I recall having heard that the hazard ratio, estimated in a Cox model, can be made robust against the parallel hazard functions assumption. The key to this is using a Huber-White, or Huber-Eicker-White, or Heteroscedasticity Consistent (HC) "sandwich" standard error. In this case the hazard ratio is interpreted as a failure-time-averaged hazard ratio.
Is this true? Is there a citation which I can refer to to claim this?
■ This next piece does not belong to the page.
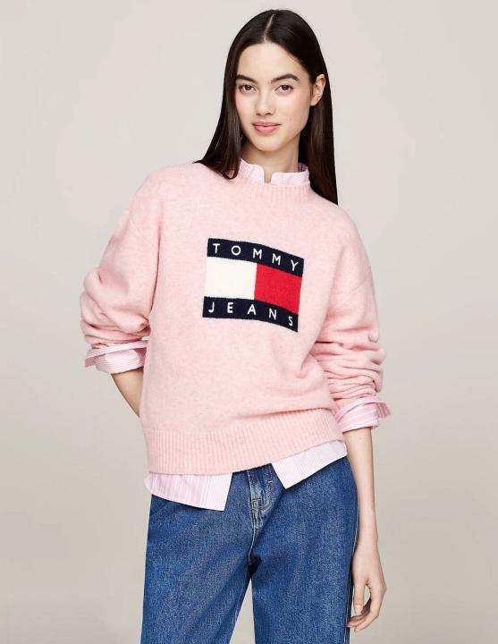 Jersey Tommy Jeans de Melánge de Lana Rosa Mujer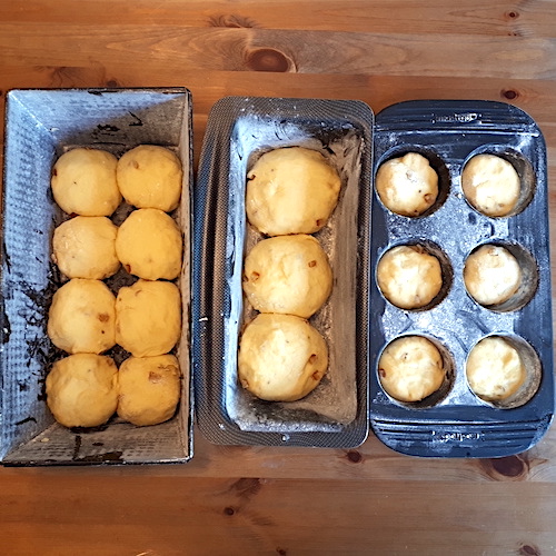 - pour un moule à cake de 26cm: peser 3x200g de pâte et former des boules. Placer les boules côte à côte dans le moule (dans le sens de la longueur) après l’avoir beurré et fariné.

Apparently, this work came about through two different papers. First it was Struthers and Kalbfleisch who in 1986 published "Misspecified proportional hazard models" in Biometrika. They pointed out parameters from misspecified Cox models have a useful interpretation, but one that is defined implicitly. They use the example of accelerated failure time models as a probability model, an example where proportional hazard assumption would be violated.
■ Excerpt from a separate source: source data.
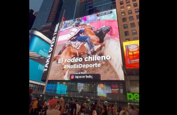 Tiempo de lectura aprox: 1 minutos, 7 segundos Durante la tarde del pasado miércoles 6 de septiembre en la principal avenida de New York, se proyectó un video de la organización Animal Libre contra la práctica del rodeo chileno, en el marco de la campaña #NoEsDeporte que lleva la organización hace unos años. La […]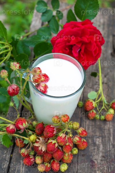 Чашка молока и свежая клубника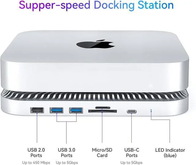 Mac Mini Dock 7-in-1 expansion PortsThe Mac mini docking station features an USB-C data port (up to 5 Gbps), 3 USB-A data ports (up to 5 Gbps), 1 USB 2.0 port, and micro/SD card reader for convenient access to all your essential peripherals.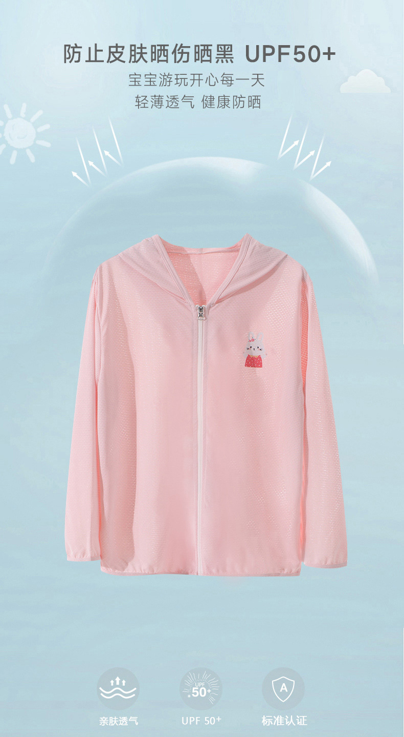 어린이 태양 보호 의류 소년 소녀 후드 코트 여름 새로운 아기 피부 의류 태양 보호 의류 UPF50 + 대체 가능한 모발

The implicit expression is that the consistent estimator is the solution to $h(\beta) = 0$ where:
$$ h(\beta) = \int_{0}^{\infty} s^{(1)}(x) dx - \int_{0}^{\infty} \frac{s^{(1)}(\beta, x)}{s^{(0)}(\beta, x)} s^{(0)}(x) dx$$
and $S^{(j)}(x) = n^{-1} \sum_{i=1}^n Z_i^j Y_i(x) \lambda(x; Z_i)$ is the expected survival for a person having a covariate $Z$ differing by $j$ units. $s^{(j)}(x) = E \{ S^{(j)}(x)\}$ where the expectation is taken over the failure times.
A way they interpret that summary is as a time-averaged hazard ratio.
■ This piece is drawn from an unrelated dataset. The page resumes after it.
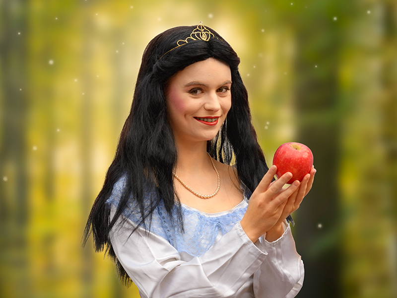 Schneewittchen ist klug, witzig und wunderschön. Genau diese Eigenschaften machen ihre Stiefmutter, die Königin, fürchterlich wütend. Auch der Zauberspiegel und ihre treue Zofe können sie nicht besänftigen. Als dann auch noch ein Prinz vorbeikommt und sich unsterblich in Schneewittchen verliebt, gibt es für die Königin kein Halten mehr. Die Lösung ist daher ganz einfach: Schneewittchen muss weg! Nur die Freundschaft zum Jäger des Schlosses rettet Schneewittchen das Leben. Sie flieht in den dunklen Wald um dort das Haus der sieben Zwerge zu finden. Nach anfänglichem Zweifel nehmen diese die Prinzessin gerne bei sich auf. Doch auch hier ist die Gefahr noch nicht vorüber. Die sieben Zwerge haben alle Hände voll zu tun, die Prinzessin vor den bösen Absichten der Königin zu beschützen. Wird es ihnen gelingen? Und was ist mit dem Prinzen?

It is then Lin and Wei who in 1989 discuss the sandwich covariance estimator $\hat{A}(\beta)^{-1} \hat{B}(\beta) \hat{A}(\beta)^{-1}$ where $\hat{A}(\beta) = -n^{-1}\frac{\partial^2}{\partial \hat{\beta}^2} L(\hat{\beta})$ is the Hessian of the partial likelihood function evaluated at the MPLE and $\hat{B} = n^{-1} \sum U_i (\hat{\theta})U_i^{\prime}(\theta)$ is the (biased) MLE of the variance of the score function. They show that the misspecified $\beta$ estimated above is rigorous and it has an asymptotically normal distribution and thus tests and confidence intervals can be constructed about its value.